CineFX (NV30) Inside

August 31, 2003 / by Demirug / page 4 of 7

Shader Backend

The backend unit performs the task of synchronizing the different data paths so all information belonging to one quad can pass the unit again as a unit.

CineFX Shader Backend

After synchronization a few more calculations take place (interpolation of a vertex color, fog, pixel depth) and the texture samples are converted to one of the internal formats (fp32, fp16, fx12), if necessary. Supplemented with values from the register file, this data is passed to the combiners.

Combiners

As mentioned above, the patent doesn't contain any specific information here. Instead, it says that any known technology can be used for the combiners. The only necessity is that the results from the combiners can either be written to the register file or sent on to the ROPs (raster operators). If the pixels need another pass through the pipeline, the shader core gets notified that there is a quad waiting at the end of the pipeline.
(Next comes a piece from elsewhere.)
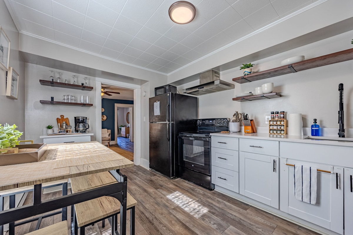 Ви зможете миттєво розслабитися в цьому стильному помешканні, зручному для домашніх тварин, лише за 8 хвилин від дороги I-70, вихід 42. Під навісом дерев знаходяться красиво облаштований двір із терасами та двома вогнищами. Насолоджуйтеся добре підтримуваною кухнею з органічною кавою справедливої торгівлі. Розслабтеся з 2 телевізорами Roku, іграми та головоломками, купайтеся з солями та турецькими рушниками. Для любителів активного відпочинку розкажіть намети. Сядьте біля дров 'яної печі взимку або покладіть у гамак, коли тепло. Ласкаво просимо в The Crooked Cottage!

Gatekeeper and Loopback Control

Though the gatekeeper is at the start of the pipeline, it is described only now because it's function is best understood when you know the rest of the pipeline. The decisions of the gatekeeper have a direct influence on the choice of data source in the first stage of the shader core. In case a shader is as simple as not needing a loopback over the whole pipeline, it will just sit idle and pass on any quads that come from the rasterizer.

However, if loopbacks are necessary, the gatekeeper decides when a quad coming from the rasterizer may enter the pipeline. At first it will let as many quads into the pipeline as possible. From then on it will give clearance to those quads waiting at the end of the pipeline. Then it checks whether there is still space for additioinal quads in the pipeline. If yes, it will pass on quads from the rasterizer until the pipe is filled completely.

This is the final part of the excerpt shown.